:: Recorded information ::
»»

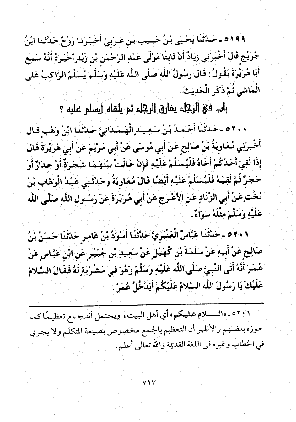 5200 - حَدَّثَنَا أَحْمَدُ بْنُ سَعِيدٍ الْهَمْدَانِيُّ، حَدَّثَنَا ابْنُ وَهْبٍ، قَالَ: أَخْبَرَنِي مُعَاوِيَةُ بْنُ صَالِحٍ، عَنْ أَبِي مُوسَى، عَنْ أَبِي مَرْيَمَ، عَنْ أَبِي هُرَيْرَةَ، قَالَ: «إِذَا لَقِيَ أَحَدُكُمْ أَخَاهُ فَلْيُسَلِّمْ عَلَيْهِ، فَإِنْ حَالَتْ بَيْنَهُمَا شَجَرَةٌ أَوْ جِدَارٌ، أَوْ حَجَرٌ ثُمَّ لَقِيَهُ فَلْيُسَلِّمْ عَلَيْهِ أَيْضًا» قَالَ مُعَاوِيَةُ، وحَدَّثَنِي عَبْدُ الْوَهَّابِ بْنُ بُخْتٍ، عَنْ أَبِي الزِّنَادِ، عَنِ الْأَعْرَجِ، عَنْ أَبِي هُرَيْرَةَ عَنْ رَسُولِ اللَّهِ صَلَّى اللهُ عَلَيْهِ وَسَلَّمَ مِثْلَهُ سَوَاءٌ.
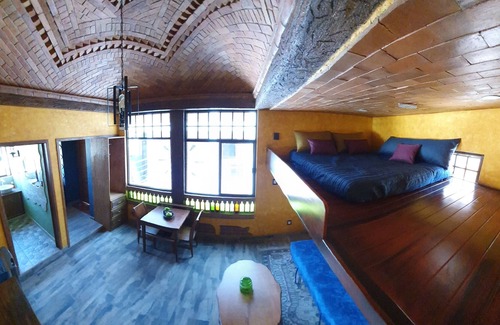 Great room with a unique style and a great vibe! Clean and equipped. It has two security doors to enter the room. It has one private garage and bridge from where you can see the city. Bed lining, towels and basic bathroom stuff included. Connect with Guanajuato from the moment you arrive.
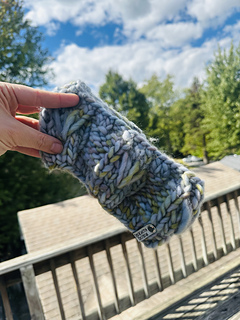 This headband is knit in super bulky weight yarn and uses size US 13/9 mm circular needles. This headband is knit in the round. This is a spin off of my Lake Erie Tote bag design and I’m so excited for it and I hope you all love the design. I love the look of this headband and I’m so glad I get to share it with you all!
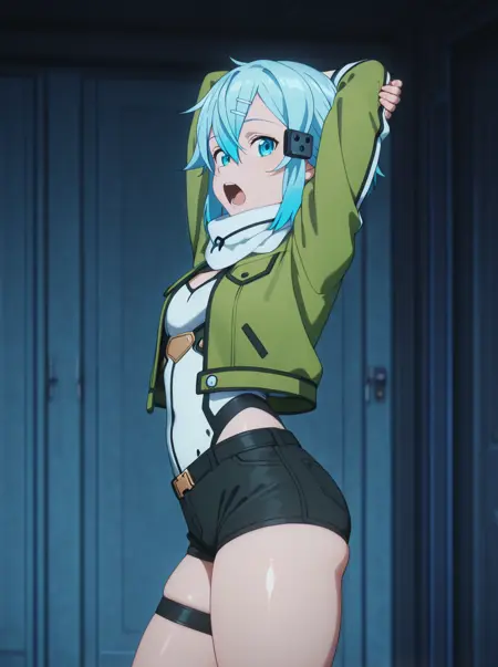 시논 GGO: 시논궁알레, 1소녀, 단독, 파란 눈, 손가락 없는 장갑, 헤어클립 스카프, 짧은 반바지, 단발, 머리 장식, 헤어클립, 검은 반바지, 파란 머리, 검은 장갑, 녹색 재킷, 녹색 바지 허벅지 스트랩, 바지, 흰 스카프 오픈 재킷, 레오타드
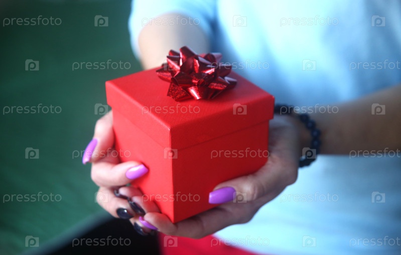 Красная подарочная коробка с сюрпризом в женской руке. Женщина радуется подарку. Международный женский день
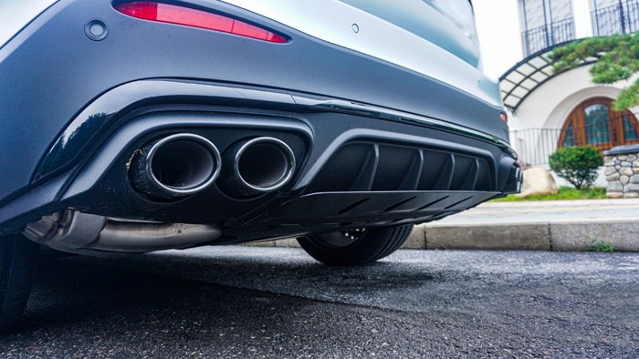 車型后部設(shè)計簡潔而精致,同樣是全面黑化處理。熏黑LED尾燈的設(shè)計使整個車尾更加立體感十足。后備箱非常平整,支持4/2/4分別放倒。后杠下方的空氣套件讓車看上去非常戰(zhàn)斗,另外車輛使用了雙邊雙出排氣。
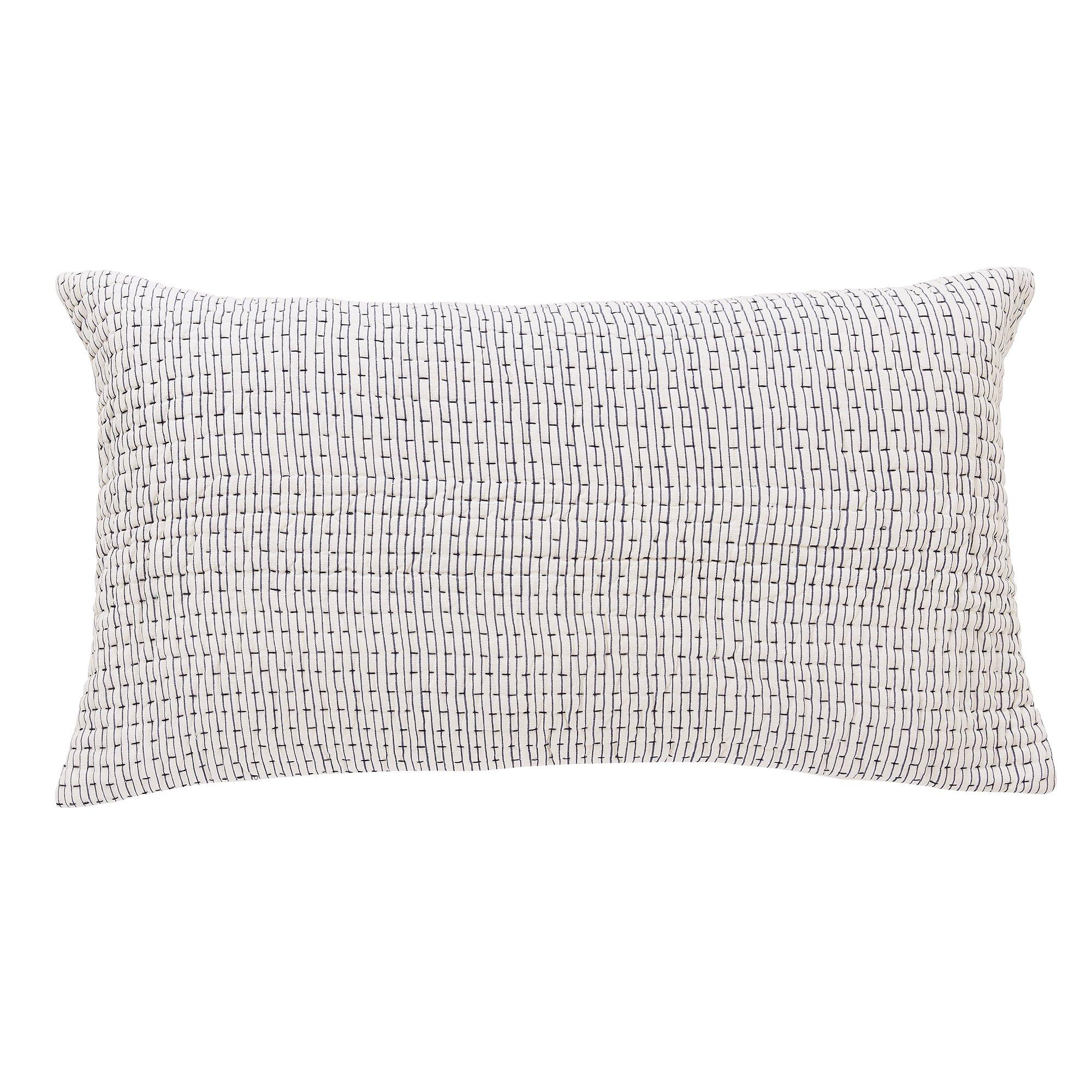 Perfect for adding a little understated pattern to any of the Rare Earth beds, the Serein cushion (70x40cms) features a linen/ cotton blend fabric printed with a vertical stripe and decorated with a hand quilted horizontal pattern. Each cushion is stitched by hand in India making each one completely unique. Cotton Linen, Print, Hand Quilted, Dry Clean Only
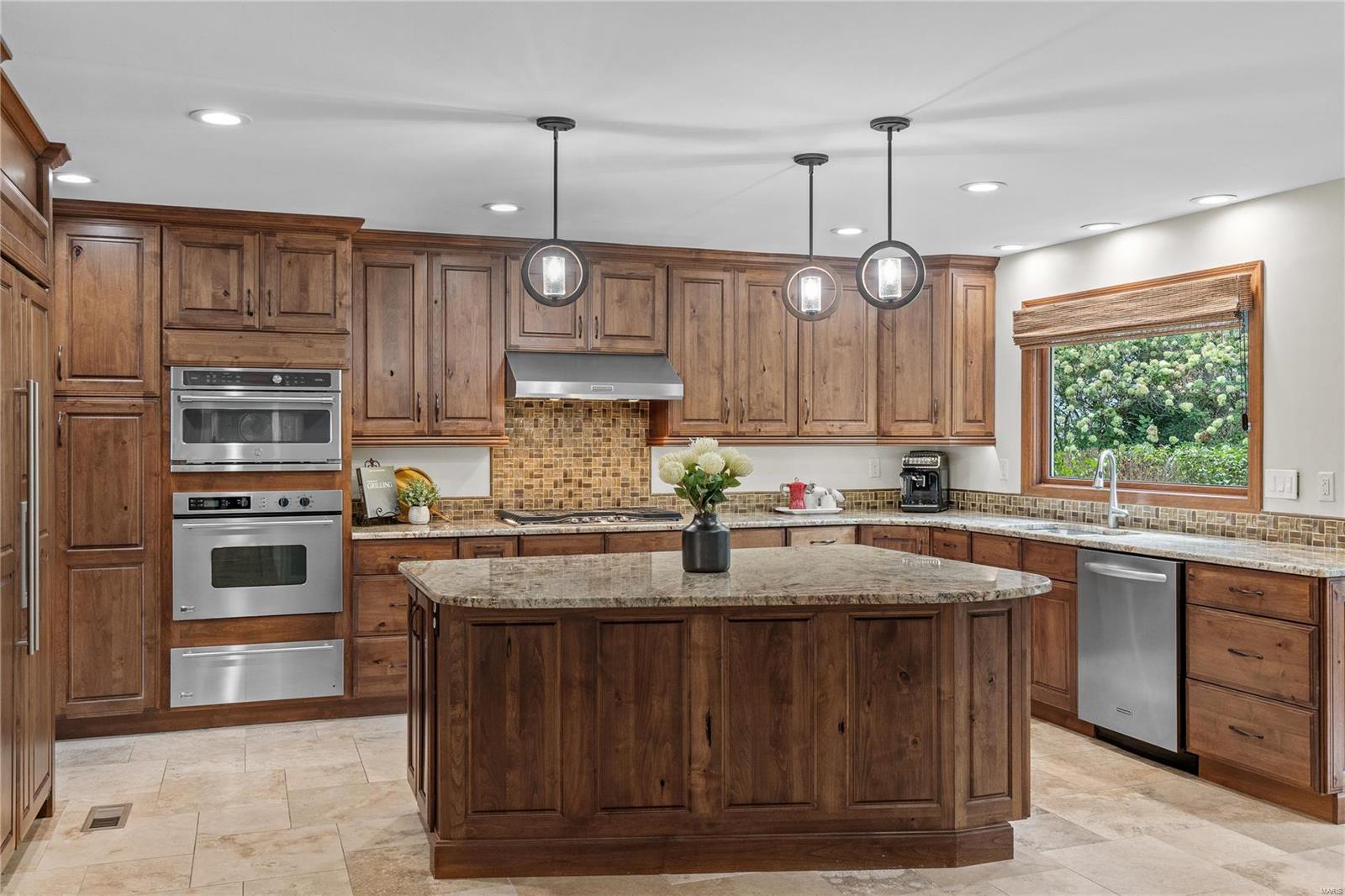 Appliances: Dishwasher, Disposal, Double Oven, Dryer, Gas Cooktop, Range Hood, Refrigerator, Warming Drawer, Washer, Gas Water Heater
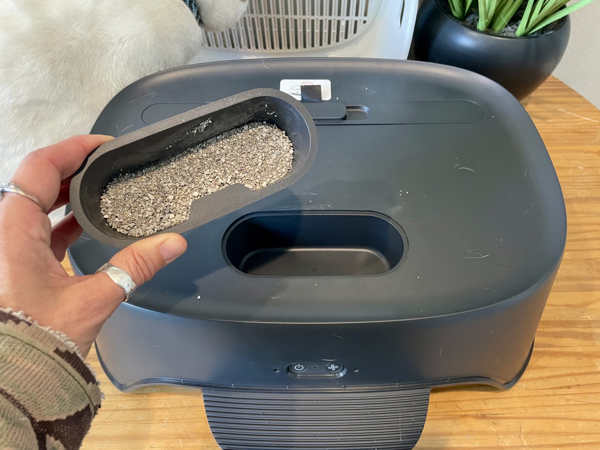 Under the removable grate is a flat surface with a removable cup in the center of one end. When I first saw this, I wondered whether the purifier’s vibrations might scatter the litter into the cup over time. After a week, I can tell you this is not the case.
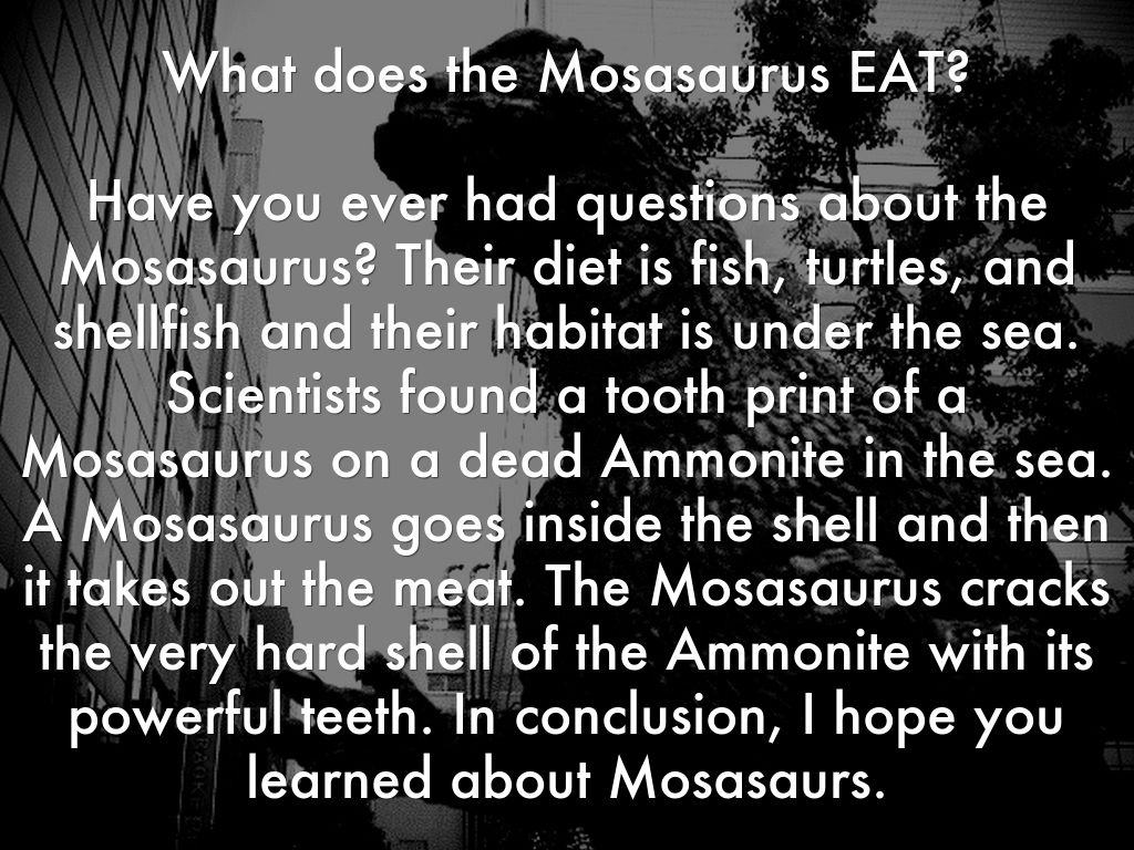 Have you ever had questions about the Mosasaurus? Their diet is fish, turtles, and shellfish and their habitat is under the sea. Scientists found a tooth print of a Mosasaurus on a dead Ammonite in the sea. A Mosasaurus goes inside the shell and then it takes out the meat. The Mosasaurus cracks the very hard shell of the Ammonite with its powerful teeth. In conclusion, I hope you learned about Mosasaurs.

««

Please repeat, with no pictures, each line from the start of the records above through the line with "Appliances: Dishwasher, Disposal, Double", inclusive, and only those.

 5200 - حَدَّثَنَا أَحْمَدُ بْنُ سَعِيدٍ الْهَمْدَانِيُّ، حَدَّثَنَا ابْنُ وَهْبٍ، قَالَ: أَخْبَرَنِي مُعَاوِيَةُ بْنُ صَالِحٍ، عَنْ أَبِي مُوسَى، عَنْ أَبِي مَرْيَمَ، عَنْ أَبِي هُرَيْرَةَ، قَالَ: «إِذَا لَقِيَ أَحَدُكُمْ أَخَاهُ فَلْيُسَلِّمْ عَلَيْهِ، فَإِنْ حَالَتْ بَيْنَهُمَا شَجَرَةٌ أَوْ جِدَارٌ، أَوْ حَجَرٌ ثُمَّ لَقِيَهُ فَلْيُسَلِّمْ عَلَيْهِ أَيْضًا» قَالَ مُعَاوِيَةُ، وحَدَّثَنِي عَبْدُ الْوَهَّابِ بْنُ بُخْتٍ، عَنْ أَبِي الزِّنَادِ، عَنِ الْأَعْرَجِ، عَنْ أَبِي هُرَيْرَةَ عَنْ رَسُولِ اللَّهِ صَلَّى اللهُ عَلَيْهِ وَسَلَّمَ مِثْلَهُ سَوَاءٌ.
 Great room with a unique style and a great vibe! Clean and equipped. It has two security doors to enter the room. It has one private garage and bridge from where you can see the city. Bed lining, towels and basic bathroom stuff included. Connect with Guanajuato from the moment you arrive.
 This headband is knit in super bulky weight yarn and uses size US 13/9 mm circular needles. This headband is knit in the round. This is a spin off of my Lake Erie Tote bag design and I’m so excited for it and I hope you all love the design. I love the look of this headband and I’m so glad I get to share it with you all!
 시논 GGO: 시논궁알레, 1소녀, 단독, 파란 눈, 손가락 없는 장갑, 헤어클립 스카프, 짧은 반바지, 단발, 머리 장식, 헤어클립, 검은 반바지, 파란 머리, 검은 장갑, 녹색 재킷, 녹색 바지 허벅지 스트랩, 바지, 흰 스카프 오픈 재킷, 레오타드
 Красная подарочная коробка с сюрпризом в женской руке. Женщина радуется подарку. Международный женский день
 車型后部設(shè)計簡潔而精致,同樣是全面黑化處理。熏黑LED尾燈的設(shè)計使整個車尾更加立體感十足。后備箱非常平整,支持4/2/4分別放倒。后杠下方的空氣套件讓車看上去非常戰(zhàn)斗,另外車輛使用了雙邊雙出排氣。
 Perfect for adding a little understated pattern to any of the Rare Earth beds, the Serein cushion (70x40cms) features a linen/ cotton blend fabric printed with a vertical stripe and decorated with a hand quilted horizontal pattern. Each cushion is stitched by hand in India making each one completely unique. Cotton Linen, Print, Hand Quilted, Dry Clean Only
 Appliances: Dishwasher, Disposal, Double Oven, Dryer, Gas Cooktop, Range Hood, Refrigerator, Warming Drawer, Washer, Gas Water Heater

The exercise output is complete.